Modified Efficient Importance Sampling

See also the corresponding section in my thesis

Modified efficient importance sampling is used to improve on the Laplace approximation. The goal is to minimize the variance of log-weights in importance sampling Koopman, Lit, and Nguyen (2019). If the importance sampling model is a Gaussian one where observations are conditionally independent across time and space, its iterations reduce to a least squares problem which can be solved efficiently.

\[ \int \left(\log p (y | x) - \log g(y|x) - \lambda \right)^2 \log p(x|y) \mathrm d x \] where \(\lambda = \mathbf E \left(\log p(y|x) - \log g(z|x)| Y = y\right)\). This is approximated by an importance sampling version

\[ \sum_{i = 1}^N \left(\log p(y|X^i) - \log g(z|X^i) - \lambda\right) w(X^i). \]

Using gaussian proposals \(g\) we have for signals \(S_t = B_t X_t\)

\[ \begin{align*} \log g(z_{t}|s_{t}) &= -\frac{1}{2} (z_{t} - s_{t})^T\Omega^{-1}_{t}(z_{t} - s_{t}) - \frac{p}{2} \log (2\pi) - \frac{1}{2} \log \det \Omega_{t}. \end{align*} \] where \(\Omega_t = \operatorname{diag} \left( \omega_{t,1}, \dots, \omega_{t,p}\right)\).

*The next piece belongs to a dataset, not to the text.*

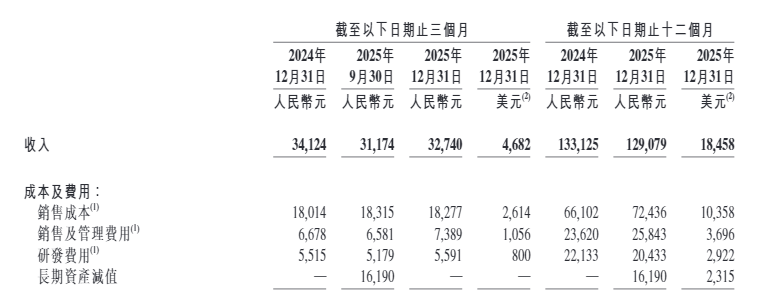 Core Insights - Baidu Group-SW reported a total revenue of RMB 32.7 billion for Q4 2025, reflecting a 5% quarter-over-quarter growth [1] - The annual revenue for Baidu in 2025 was RMB 129.1 billion, a 3% year-over-year decline, primarily due to a decrease in traditional business, partially offset by growth in core AI new businesses [1] - The revenue from intelligent cloud infrastructure for the year 2025 was approximately RMB 20 billion, representing a 34% year-over-year increase [1] Financial Performance - For Q4 2025, Baidu's revenue was RMB 32.7 billion, with a cost of sales amounting to RMB 18.3 billion, leading to a gross profit margin that reflects the company's operational efficiency [2] - The total cost of sales for the year was RMB 72.4 billion, which is a 10% increase year-over-year, attributed to rising costs associated with Baidu's core AI new businesses [2] - Research and development expenses for the year were RMB 20.4 billion, showing an 8% decrease year-over-year, mainly due to a reduction in personnel-related costs [2]

Due to the large dimension of the problem we solve it for each \(t\) separately

\[ \begin{align*} \sum_{i = 1}^N(\log p(y_t|s_t^{i}) - \log g(z_{t}| s_t^{i}) - \lambda_{t})^2 w(s_t^i) &= \sum_{i = 1}^N\left(\log p(y_t|s_t^{i}) +\frac{1}{2} (z_{t} - s_{t}^{i})^T\Omega^{-1}_{t}(z_{t} - s_{t}^{i}) + \frac{p}{2} \log (2\pi) + \frac{1}{2} \log \det \Omega_{t} - \lambda_{t}\right)^2 w(s_t^i) %&= \sum_{i = 1}^{N}(\log p(y_t|s_t^{i}) - (- 2 \Omega_t ^{-1}z_t)^{T} s^{i}_t - (s^{i}_t)^T\Omega_t^{-1}s^{i}_t - \lambda_t - C_t)^2w(s_t^i) \\ %&= \sum_{i = 1}^N \left(\log p(y_t|s_t^{i}) - (s^{i}_t)^{T}(- 2 \Omega_t ^{-1}z_t) + \frac{1}{2} \sum_{j = 1}^{p} (s^{i}_{t,j})^{2} \frac{1}{\omega_{t,j}} - \lambda_t - C_t \right) \end{align*} \]

and minimized over the unknown parameters \(\left(z_t, \Omega_t, \lambda_t - C_t\right)\), which is a weighted least squares setting with “observations” \(\log p(y_t|s_t)\).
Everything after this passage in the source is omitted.